Question

The hybrid state of B in $BF_{4}^{-}$ :
A. $s{{p}^{2}}$
B. sp
C. $s{{p}^{3}}$
D. Not specific

Answer 1

Hint: To calculate the number of hybrid orbitals or hybridization of the central atom there is a formula.
The formula to calculate hybridization on the central atom is as follows.
\[H=\dfrac{1}{2}[G+M-C+A]\]
Where H = Hybridization of the central atom
G = number of valence electrons
M = number of monovalent atoms
C = the charge on the cation
A = the charge on the anion

Complete step by step answer:
- In the question it is asked to find the hybridization of the Boron in $BF_{4}^{-}$ .
- The electronic configuration of the boron is $1{{s}^{2}}2{{s}^{2}}2{{p}^{1}}$ .
- We have to substitute all the values in the below formula to get the hybridization of the Boron in $BF_{4}^{-}$
\[H=\dfrac{1}{2}[G+M-C+A]\]
G = number of valence electrons in boron = 3 (from electronic configuration)
M = number of monovalent atoms = 4 (fluorine atoms)
C = the charge on the cation = 0
A = the charge on the anion = 1 (negative charge in $BF_{4}^{-}$ )
Then
\[\begin{align}
  & H=\dfrac{1}{2}[G+M-C+A] \\
 & H=\dfrac{1}{2}[3+4+1] \\
 & H=4 \\
\end{align}\]
- H = 4 means there are four hybrid orbitals involved in hybridization.
- Therefore the hybridization of the boron in $BF_{4}^{-}$ is $s{{p}^{3}}$ .
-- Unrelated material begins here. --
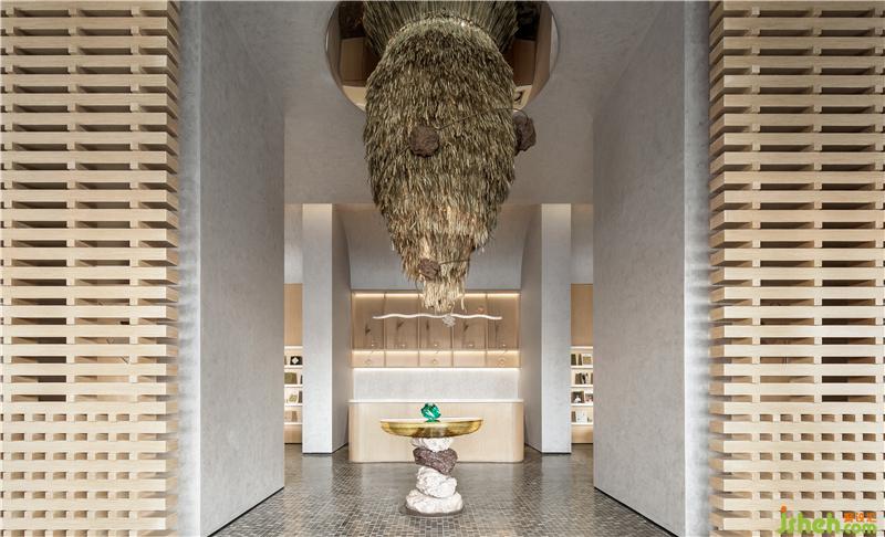 本案中多個藝術(shù)裝置,均采用了紙漿這一新型材料。紙漿的環(huán)保性、可再生性、可塑性甚至文藝感等優(yōu)點值得青睞,但其不可測的變數(shù)也是設(shè)計師須去把控和解決的。

- So, the correct option is C.

Note: The shape of the $BF_{4}^{-}$ is tetrahedral and in the molecule there are four bond pairs and zero lone pairs are present. By using VSEPR theory we can find the structure and hybridization of the molecules. In $BF_{4}^{-}$ there are no lone pair electrons present then repulsion between the electrons and bonds is also very less.